MFN2 is a large membrane protein with numerous cellular functions. Its original and most widely recognized function is to catalyze the homotypic fusion of outer mitochondrial membranes (Chen et al., 2003). It also either positively (de Brito & Scorrano, 2008; Naon et al., 2016) or negatively (Cosson, Marchetti, Ravazzola, & Orci, 2012; Filadi et al., 2015) regulates mitochondria-ER contact sites and may interact with motor adaptors in vertebrates (A. Misko et al., 2010; A. L. Misko et al., 2012). Therefore, the interpretation of phenotypes resulting from constitutive knockouts or even acute KD experiments, as done here, should be made with caution. Regardless, these experiments are essential to begin to understand the role of mitochondrial complementation (fusion) in supporting the axonal mitochondrial network and the physiology of the axon. More acute methods, to disrupt this membrane bound protein, will further clarify its role in presynaptic physiology. Additionally, it will also be important to selectively disrupt motifs or domains in MFN2. Acute and domain specific disruption of function can be implemented with a tool like knockoff (Vevea & Chapman, 2020). The topology of MFN2 is also debated, it is anchored either by a double (Rojo, Legros, Chateau, & Lombes, 2002) or single (Mattie, Riemer, Wideman, & McBride, 2018) transmembrane domain. Experiments based on the knockoff approach could shed additional light on this topology. Moreover, a surprising result from our experiments is the stark decreased expression of PSD95 in MFN2 KD neurons. An interesting question is whether this effect is mediated by pre- or postsynaptic mitochondria; compartment specific knockoff could be used to address this issue.

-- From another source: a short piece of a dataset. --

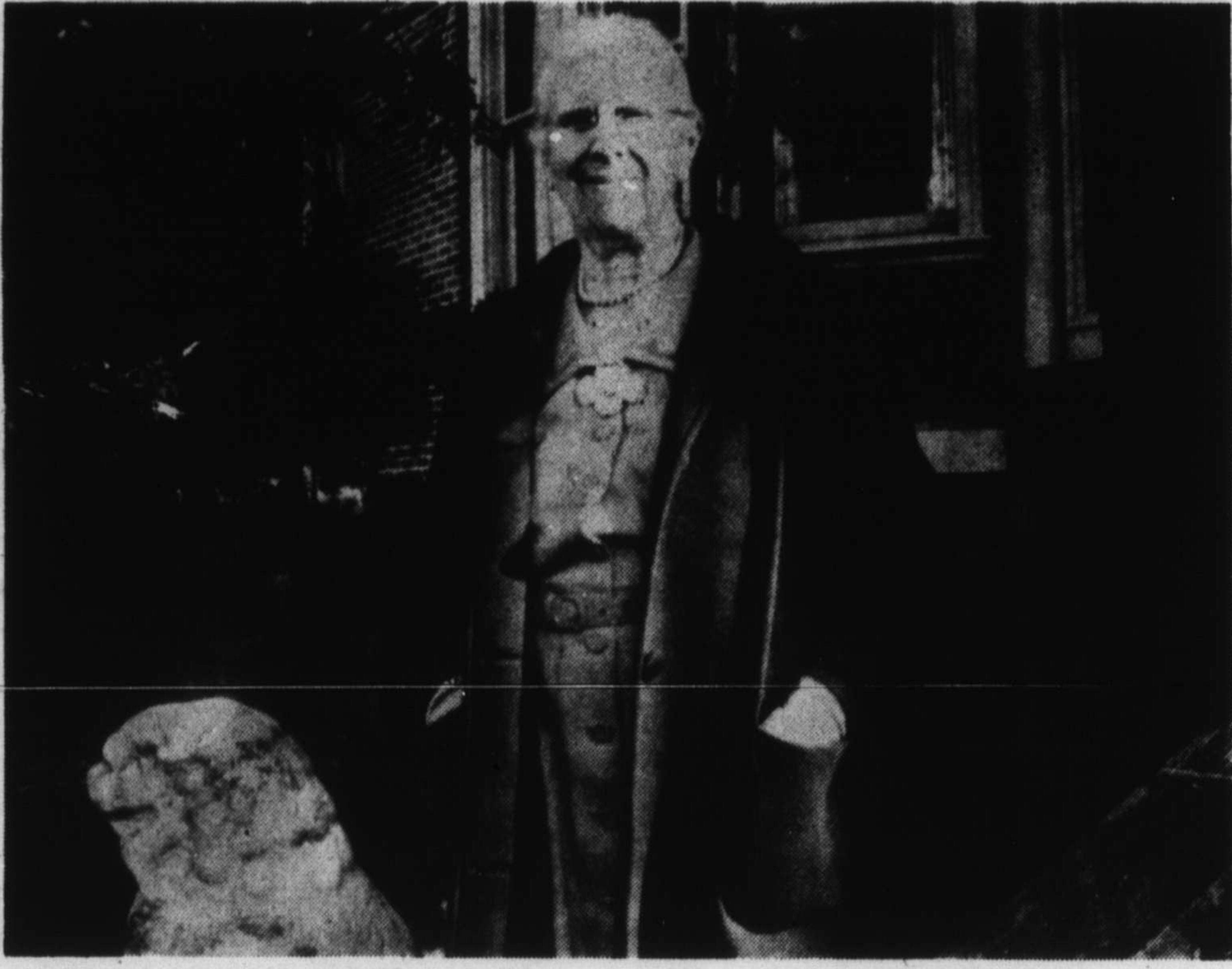
"The Apple" -- 92 and still coaching hockey.

Exciting questions remain as to the fundamental signals that govern the maintenance and QC of the axonal mitochondrial network. A large body of research revealed that loss of ΔΨ_m marks a mitochondrion for degredation, and it is unable to rejoin the network (Pickles, Vigie, & Youle, 2018), but what is the signal that identifies a mitochondrion for a complementation event? How are mitochondrial fusion and fission events linked? MFN2 itself is sensitive to ROS and may provide an elegant mechanism to preferentially activate the fusion machinery (Mattie et al., 2018; Shutt, Geoffrion, Milne, & McBride, 2012). Furthermore, how are mitochondria selected for axonal versus dendritic egress from the soma? Is there a QC step at this early stage in trafficking? What are some of the damage markers that build up over time, and can they be influenced? To address these questions, methods that facilitate the rapid isolation of naturally damaged or aged mitochondria from the axon need to be developed. These questions are important for understanding mitochondrial quality control mechanisms and how they support the SV cycle and neuronal health.